A victim (pictured) came forward to allege sexual abuse in 1975 by one of the order's members, Brother Charles Afeaki. Photo / Gerard O'Brien, Otago Daily Times
“The Marist Brothers do not disclose personal information to media,” she said at the time.
But times have changed and today the New Zealand Marist Brothers website has at least three apologies in prominent places.
“The Marist Brothers in Aotearoa – New Zealand accept that abuse occurred in the past and acknowledge the long-lasting consequences of abuse,” a pop-up banner on the homepage reads. “We are sorry for hurt caused to those in our care.”
Under a tab devoted to professional standards, the brotherhood states: “We should have protected those in our care from any form of abuse and, thankfully, we now recognise it for what it is – it is a criminal offence.”
In July last year, just days before the Royal Commission of Inquiry into Abuse in Care released its final report, the group issued a formal apology on its media page but with a focus primarily on abusive corporal punishment.
A few days later, after the report’s release, they praised those who came forward.
“It is a tragic but inescapable part of our own history that, at times, children have been failed in Marist Brothers’ schools in Aotearoa New Zealand,” the follow-up media release stated.

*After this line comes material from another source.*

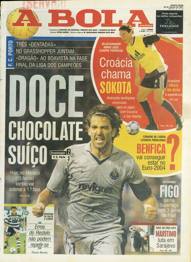 Doce chocolate suíço foi, pois, a manchete de A BOLA de 23 de agosto de 2001, alusão, lá está, à saborosa vitória dos azuis e brancos, que começou a ser construída ao minuto 14, golo de Clayton. Ainda na primeira parte, aos 43', Capucho fez o 0-2, vantagem que o emblema helvético reduziu à passagem do minuto 78, por Mladen Petric.
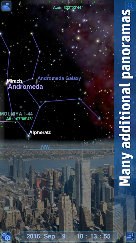 • Discover celestial objects: The app tells you which stars, constellations and planets are currently visible in the night sky from your location; furthermore, it shows you the way to any celestial body you want to study.

The Marist Brothers religious order was founded just over 200 years ago in Europe with a focus on the spiritual and educational needs of the young and poor. It had once prospered in New Zealand but most remaining brothers were in retirement by 2018.
Many schools affiliated with the group remain open, including Auckland’s St Paul’s College, but rely on lay staff to operate.
In the 1990s alone, nine Marist Brothers – Afeaki included – were prosecuted for crimes against boys. Others were investigated with no further action taken or dealt with internally by the Catholic Church, the Heraldpreviously reported.
Former Marist brother Kevin Healy appears at court for sentencing on historic sex offences. Photo / Paul Taylor
Another brother, Kevin Peter Healy, was sentenced for the first time in Wellington in 2016. Like Afeaki, he has now been sentenced on four separate occasions as word of the prosecutions spread to victims and more came forward. His most recent sentence, six months’ community detention, was imposed last year.
Craig Kapitan is an Auckland-based journalist covering courts and justice. He joined the Herald in 2021 and has reported on courts since 2002 in three newsrooms in the US and New Zealand.